Christ's Kingdom can be furthered by like instrumentalities. And here is the defect and danger of our own day, and of our own country. The Ministers of the Gospel are, in too many cases, we fear, leaving their own proper work, to introduce into this kingdom an earthly, worldly policy, to meddle with political and other matters which belong not to them, and to the great detriment of that cause which they are set apart to maintain. And this is specially the point of our present

Article.

The pleas for such interference are, that these questions have a moral and religious bearing, and so come properly within the province of the pulpit, which would be recreant to duty if it did not speak out against the political sins, amid the civil dangers of the times; and, moreover, it is urged, preaching is of little worth except it adapt itself to existing evils, and existing wants. We reply generally, to these excuses, that, upon such grounds, Ministers must concern themselves as Ministers, in all the Arts, and employments of life, for there is nothing pertaining to Humanity, that has not more or less of a religious bearing. Though it may be difficult to draw the limits, yet, we conceive, there is a distinct and peculiar province in which the Minister is to labor, and that when he steps out of it, injury to himself, and his Master's cause, invariably results.
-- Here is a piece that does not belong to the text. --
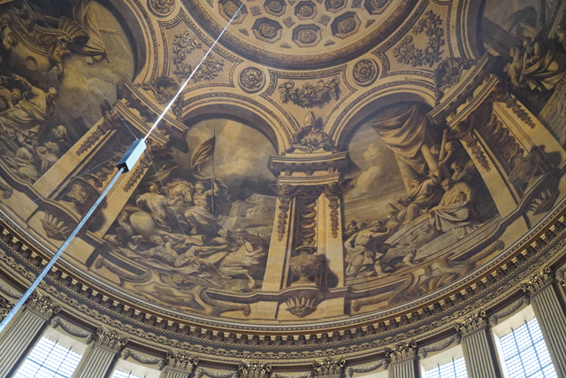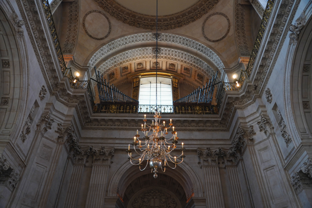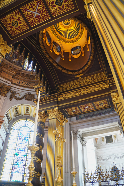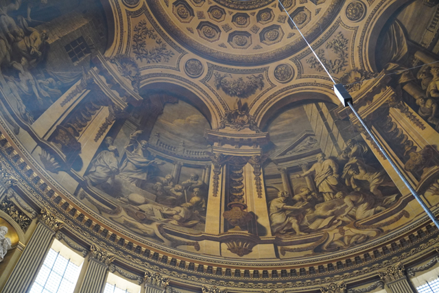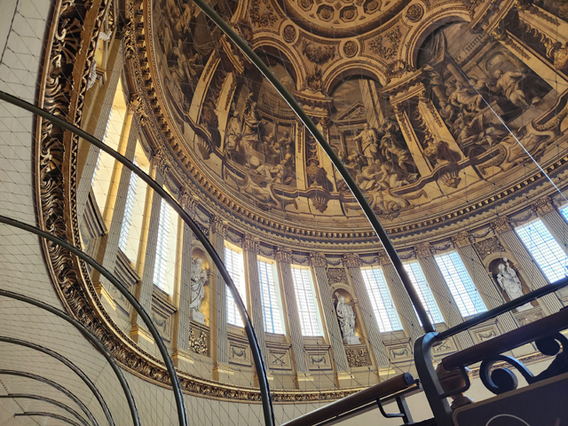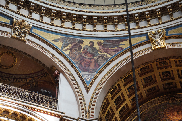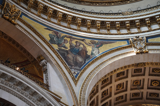 相對之下,身處的大拱頂就顯得反差,「James Thornhill」明明於「布倫海姆宮」前廳、於「格林威治舊海軍學院」彩繪廳,交出絢麗的天篷畫,卻像為貼合教堂初始的古典簡潔,選擇了灰階。我在附近找了地方坐下,抬頭仰望。上頭圖騰框邊浮凸,填飾的團花垂藤現著陰影,相當以假亂真。八個弧框內的主體則挺容易辨,是保羅的生平。

For guidance upon this point, let us turn to the example of Christ, and of the early preachers of the Gospel. The Saviour lived in a time when civil and religious questions were as much mingled, and in as important ways, as they now are; yet, in all His teaching, public and private, He studiously avoided that which was political, although, as the Jewish government was a Theocracy, He, as God's own Son, might certainly have interfered in that, if in any. He paid tribute by miracle, to avoid giving offense, even when privately insisting on His right of exemption. He was falsely put to death on a charge of treason against Cæsar, albeit the Emperor's jealous substitute was satisfied that the charge was groundless. He submitted to the most unjust and cruel sufferings from the rulers of Judea and of Rome, without a word of resistance. The country in which He lived was torn by factions, and wretchedly governed, yet Christ allied Himself with no party, nor passed judgment upon the acts of the civil authorities. The nearest approach He made to political topics, was in the question of tribute to Cæsar, and there, His exclamation, "Why tempt ye me, ye hypocrites?" shows His wariness in such matters, and His unwillingness to be drawn into them, while His answer is a perfect model for all who are similarly ensnared in their talk.